■ What to work on
The answer must consist only of the lines from the line with "We lopen verder" to the line with "Samenvatting literatuur Marx", both included, exactly as they stand below.

■ Material for this task
- - -
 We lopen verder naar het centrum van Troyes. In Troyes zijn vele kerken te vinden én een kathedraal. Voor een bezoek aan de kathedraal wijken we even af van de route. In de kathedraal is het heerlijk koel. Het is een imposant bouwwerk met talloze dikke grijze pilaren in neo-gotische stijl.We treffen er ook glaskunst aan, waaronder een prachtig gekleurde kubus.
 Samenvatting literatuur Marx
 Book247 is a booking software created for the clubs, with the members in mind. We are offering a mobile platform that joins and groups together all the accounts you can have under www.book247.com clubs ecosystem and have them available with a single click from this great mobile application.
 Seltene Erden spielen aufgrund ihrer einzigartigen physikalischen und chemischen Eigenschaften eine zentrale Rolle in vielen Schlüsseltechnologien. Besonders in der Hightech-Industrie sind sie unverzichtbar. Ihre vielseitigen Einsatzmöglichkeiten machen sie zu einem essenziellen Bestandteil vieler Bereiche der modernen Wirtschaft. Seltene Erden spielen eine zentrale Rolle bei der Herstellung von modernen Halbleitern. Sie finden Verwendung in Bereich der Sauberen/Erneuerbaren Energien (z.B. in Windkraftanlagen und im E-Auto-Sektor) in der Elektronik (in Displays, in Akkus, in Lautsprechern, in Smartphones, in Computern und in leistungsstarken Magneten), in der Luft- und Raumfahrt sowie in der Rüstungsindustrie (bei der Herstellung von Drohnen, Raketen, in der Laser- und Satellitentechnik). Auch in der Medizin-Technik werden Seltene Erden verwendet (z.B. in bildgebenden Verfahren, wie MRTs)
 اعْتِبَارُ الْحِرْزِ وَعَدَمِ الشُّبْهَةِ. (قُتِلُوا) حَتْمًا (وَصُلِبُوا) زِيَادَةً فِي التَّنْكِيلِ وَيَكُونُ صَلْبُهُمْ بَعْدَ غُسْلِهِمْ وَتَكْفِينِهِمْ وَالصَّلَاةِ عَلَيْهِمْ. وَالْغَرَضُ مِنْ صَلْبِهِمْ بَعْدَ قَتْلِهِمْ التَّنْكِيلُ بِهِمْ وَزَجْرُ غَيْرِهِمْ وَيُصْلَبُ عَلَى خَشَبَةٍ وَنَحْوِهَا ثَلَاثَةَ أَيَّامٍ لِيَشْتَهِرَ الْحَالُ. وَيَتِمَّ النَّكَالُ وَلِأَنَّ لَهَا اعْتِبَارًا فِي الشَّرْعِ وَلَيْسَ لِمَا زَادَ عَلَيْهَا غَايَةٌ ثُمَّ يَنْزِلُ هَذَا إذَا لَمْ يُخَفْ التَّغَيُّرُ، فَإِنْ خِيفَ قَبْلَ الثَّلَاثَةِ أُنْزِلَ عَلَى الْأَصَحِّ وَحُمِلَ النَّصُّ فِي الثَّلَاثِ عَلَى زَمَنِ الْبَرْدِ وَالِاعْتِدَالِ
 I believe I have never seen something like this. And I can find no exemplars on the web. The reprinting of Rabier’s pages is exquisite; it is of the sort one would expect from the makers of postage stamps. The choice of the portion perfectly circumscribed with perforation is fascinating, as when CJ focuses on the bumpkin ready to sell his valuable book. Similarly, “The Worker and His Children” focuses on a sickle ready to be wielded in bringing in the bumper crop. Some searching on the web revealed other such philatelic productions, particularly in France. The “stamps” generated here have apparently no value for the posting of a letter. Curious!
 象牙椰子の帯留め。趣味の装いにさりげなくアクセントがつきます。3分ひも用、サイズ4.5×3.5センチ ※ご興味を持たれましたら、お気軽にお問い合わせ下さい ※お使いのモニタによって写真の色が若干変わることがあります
- - -
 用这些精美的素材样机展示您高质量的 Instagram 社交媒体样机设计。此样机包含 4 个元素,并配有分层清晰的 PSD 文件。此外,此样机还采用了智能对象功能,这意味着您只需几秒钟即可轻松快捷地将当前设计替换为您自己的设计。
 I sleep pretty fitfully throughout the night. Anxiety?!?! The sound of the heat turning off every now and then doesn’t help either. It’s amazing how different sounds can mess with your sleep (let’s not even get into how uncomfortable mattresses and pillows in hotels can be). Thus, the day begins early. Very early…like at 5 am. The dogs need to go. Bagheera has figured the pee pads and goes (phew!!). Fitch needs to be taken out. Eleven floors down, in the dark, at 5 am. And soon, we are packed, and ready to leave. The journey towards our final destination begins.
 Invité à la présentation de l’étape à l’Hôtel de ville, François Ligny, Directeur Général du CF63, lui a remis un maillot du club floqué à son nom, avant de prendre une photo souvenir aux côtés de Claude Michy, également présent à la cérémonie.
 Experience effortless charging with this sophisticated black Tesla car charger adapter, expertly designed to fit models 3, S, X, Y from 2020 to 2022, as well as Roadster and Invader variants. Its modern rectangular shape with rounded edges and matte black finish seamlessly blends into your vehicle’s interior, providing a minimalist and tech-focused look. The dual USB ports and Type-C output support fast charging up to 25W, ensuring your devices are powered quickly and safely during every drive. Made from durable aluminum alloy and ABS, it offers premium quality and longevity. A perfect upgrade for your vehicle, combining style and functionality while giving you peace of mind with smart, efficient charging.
- - -
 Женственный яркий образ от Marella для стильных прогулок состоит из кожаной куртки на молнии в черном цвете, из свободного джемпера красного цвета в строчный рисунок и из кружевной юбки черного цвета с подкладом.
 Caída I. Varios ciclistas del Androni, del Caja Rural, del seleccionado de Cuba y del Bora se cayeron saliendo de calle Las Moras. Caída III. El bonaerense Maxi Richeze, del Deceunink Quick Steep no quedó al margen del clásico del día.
- - -
■ Your solution
 We lopen verder naar het centrum van Troyes. In Troyes zijn vele kerken te vinden én een kathedraal. Voor een bezoek aan de kathedraal wijken we even af van de route. In de kathedraal is het heerlijk koel. Het is een imposant bouwwerk met talloze dikke grijze pilaren in neo-gotische stijl.We treffen er ook glaskunst aan, waaronder een prachtig gekleurde kubus.
 Samenvatting literatuur Marx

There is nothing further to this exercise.